Coming Down from the Open-Border Sugar High
Illegal immigration looks good in the economic data, but not to American citizens.
by Oren Cass
When it comes to illegal immigration, what goes up had never come down. But the lawlessness during the Biden presidency has now given way to an unprecedented reversal, in which the federal government is acting aggressively to secure the border, enforce the law, deport the deportable, and encourage voluntary departures. A new Pew Research analysis of census data estimates that the U.S. immigrant population, after increasing by 11 million between 2020 and 2025, fell by 1.4 million in the first half of 2025.

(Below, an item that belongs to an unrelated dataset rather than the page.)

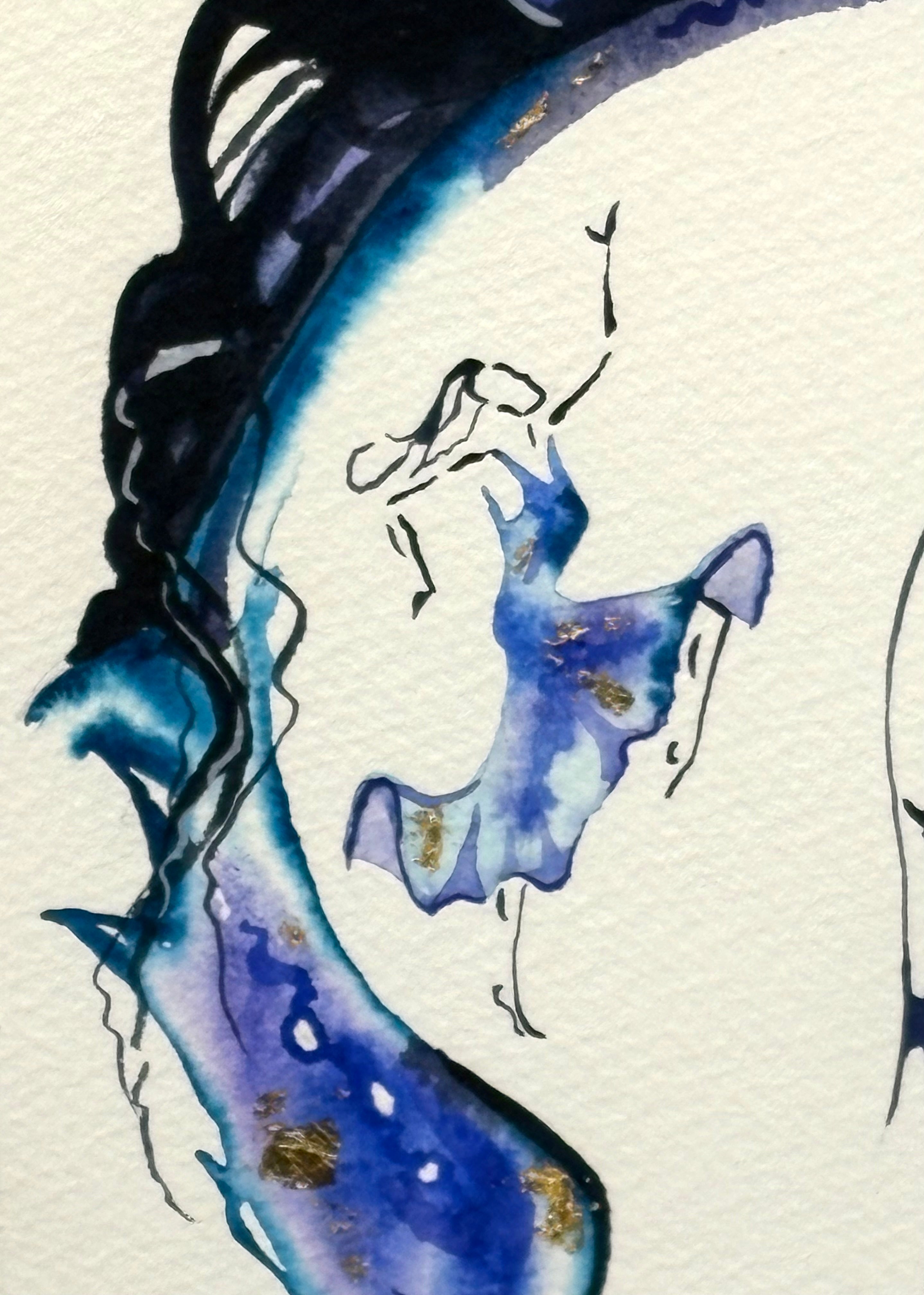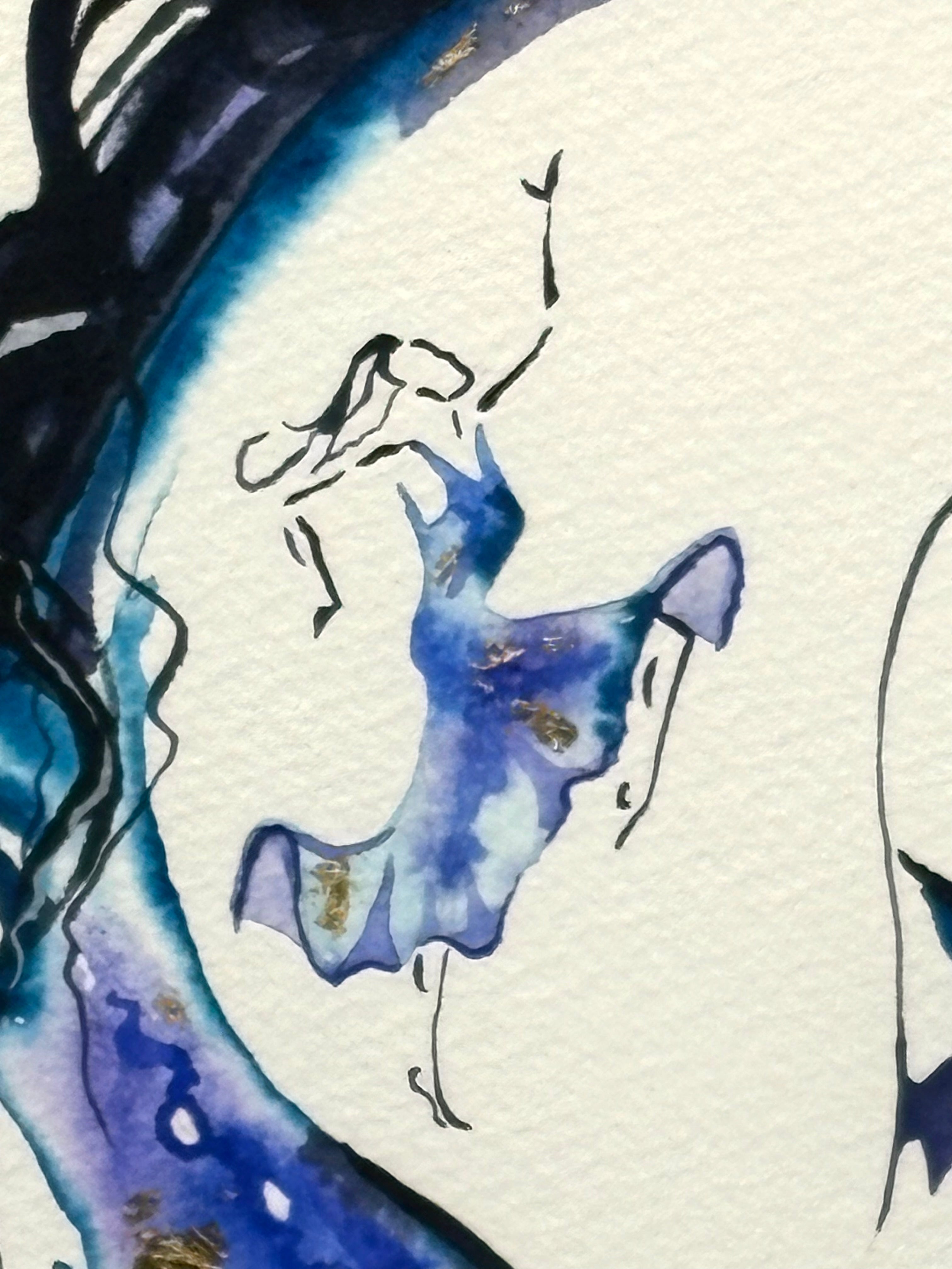Original watercolor painting with 23K gold leaf created by Sarah Richards. The size mentioned in the title refers to the outside frame edge dimensions. Mat colors and/or frame styles can be changed for little or no up-charge. Item is fully framed and will be shipped with full insurance. Any question please call/text us at 207.592.4036.

The economic implications of this reversal are profound. With enforcement now underway, employment and GDP growth are predictably slowing in the aggregate, as continued healthy growth in the permanent and legal economy gets offset by declines in the now-receding illegal segment. Of course, the economic pundits present the slowdown as a negative consequence of unwise policy. The policy is not unwise, and the consequence is not negative. Enforcing the law is necessary, the consequence is natural, and a proper assessment depends now—as it should have all along—on separating the true performance of the permanent economy from the swings induced by triggering mass illegal immigration and then needing to undo it.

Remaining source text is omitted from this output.